I'm trying to find a way to approximate the conditional expectation E(X|Y) in python. All I have are two lists of numbers, X and Y and I don't have any other knowledge about them.
Is there a good method for doing so? I tried using all kind of smoother functions but the result was not good at all.
For example,
X = [ 1, 1, 1, 1, ....] and Y = [1, -1, 1, -1, ...] I would expect that E(X|Y) = 1 because X is constant regardless of Y.
Your question is actually very broad, and thus the are many answers to your question as asked. Taking a broad view of the term machine learning, this is a question that people have been trying to answer in machine learning for a very long time. The answer really depends on the assumptions that you make about the distribution of X|Y and the relationship between X and Y.
I will suggest the sci-kit learn package because it gives a number of ways to calculate E(X|Y). Lets start with your example and use simple linear regression (this makes the assumption that the relationship between X and Y is linear)
import numpy as np
from sklearn.linear_model import LinearRegression
X = np.ones((100,1))
Y = np.ones((100,1))
Y[0:-1:2] = -1
LR = LinearRegression()
LR.fit(Y,X)
a = LR.coef_
b = LR.intercept_
Now in this case since we assumed a linear relationship E(X|Y) = aY + b and in the example above the linear regression tells us that a = 0 and b = 1. This gives you the conditional expectation that you expect (all expectation values equal to 1 regardless of the value of Y).
As I mentioned though there are many many ways of trying to estimate E(X|Y), for instance k-nearest neighbors can be used (and is implemented in sklearn) or Gaussian Process Regression (GPR) both of which do not require the assumption of a linear relationship between variables (the work very differently of course, where GPR requires a kernel function which we know from Mercer's theorem allows us to pick varying levels of smoothness for the function that is fitted to the data, whereas k-nearest neighbors estimates E(X|Y) at every point by averaging over its k-nearest neighbors as measured by some distance function). And there are many many more examples which you could explore in this wonderful package. It is a very interesting field!

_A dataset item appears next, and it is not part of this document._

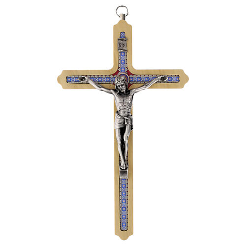 Crucifix made of light wood with Christ and INRI made of metal.The wall crucifix has a floral decoration. The cross is 20 cm high and 11.8 cm wide. The body of Christ is 9.3 cm high.There is a ring attached to the crucifix that allows you to hang the cross on any wall.This wooden crucifix is 100% made in Italy.

Edit: Now I will add some example code for KNN and Gaussian Process Regression
import numpy as np
from sklearn.neighbors import KNeighborsRegressor
X = np.ones(100)
Y = np.ones(100)
Y[0:-1:2] = -1
X = X.reshape(1,-1)
Y = Y.reshape(1,-1)
neigh = KNeighborsRegressor(n_neighbors=1)
neigh.fit(Y, X)
print(neigh.predict(Y))
This returns all ones, again as expected. Note that in the case of KNN E(X|Y) = Ave(neighbors(X)) and thus does not need to be linear (or even smooth for that matter).
import numpy as np
from sklearn.gaussian_process import GaussianProcessRegressor
from sklearn.gaussian_process.kernels import DotProduct, WhiteKernel
X = np.ones(100)
Y = np.ones(100)
Y[0:-1:2] = -1
X = X.reshape(1,-1)
Y = Y.reshape(1,-1)
kernel = DotProduct() + WhiteKernel()
gpr = GaussianProcessRegressor(kernel=kernel).fit(Y,X)
print(gpr.predict(Y))
The above example was for Gaussian process regression and it results in an array of numbers that is very close to (but not exactly) 1 as expected. Note here that the relationship between the variables is assumed to have some level of smoothness depending on the kernel. In this case a constant kernel should have worked fine, but I figured we could have an example where of how to choose the kernel built in.